127 Hours
Feature Film |A tense, moving, and visionary success.
James Franco, in what is essentially a one-man show, delivers an almost flawless performance as a trapped hiker faced with his own mortality in Danny Boyle's 127 Hours. The film relates the true story of Aron Ralston, an experienced young outdoorsman, who, after an accident while hiking in Utah, finds himself hopelessly stuck in a narrow slot canyon, his arm pinned to the rock wall by an immovable boulder. The director and his creative team imaginatively delve into Ralston's unraveling psyche as his food, water, and stamina dwindle. Franco masterfully illustrates Ralston's slow mental and emotional erosion as he grapples with the relationships that have shaped his life, voicing his regrets while recording his goodbyes with his Mini-DV camera.

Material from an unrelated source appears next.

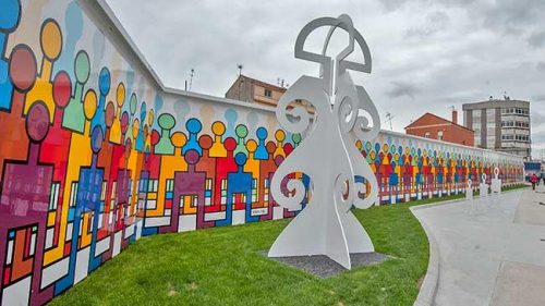 Nelson Villalobos ya finalizó su intervención en Blein Budiño, en el muro de sustentación de la columnata, que en su día perteneció a la Pérgola de Jenaro de la Fuente (hoy en Bouzas). “Una vez conocido el lugar, trabajé sobre el proyecto de la caracola; es un símbolo para mí al venir de una isla (el artista es de origen cubano); lo concebí como una ventana abierta al mar, un mar que se esconde bajo la montaña”. Así habla Villalobos de su obra, que califica como alegre, distendida “no me gusta la angustia en el arte”.

Boyle effectively evokes the claustrophobia of Ralston's predicament, particularly by using the juxtaposition of gorgeous, sweeping aerial shots in the beginning of the movie. Impressively, though, the director so deftly mixes angles and film stock (including the DV camera footage) with split-screen flashbacks and Ralston's own hallucinations that no two shots seem exactly alike. Though Franco's character is immobile for most of the film, there is a constant, pervasive sense of momentum that grips and engrosses from start to finish.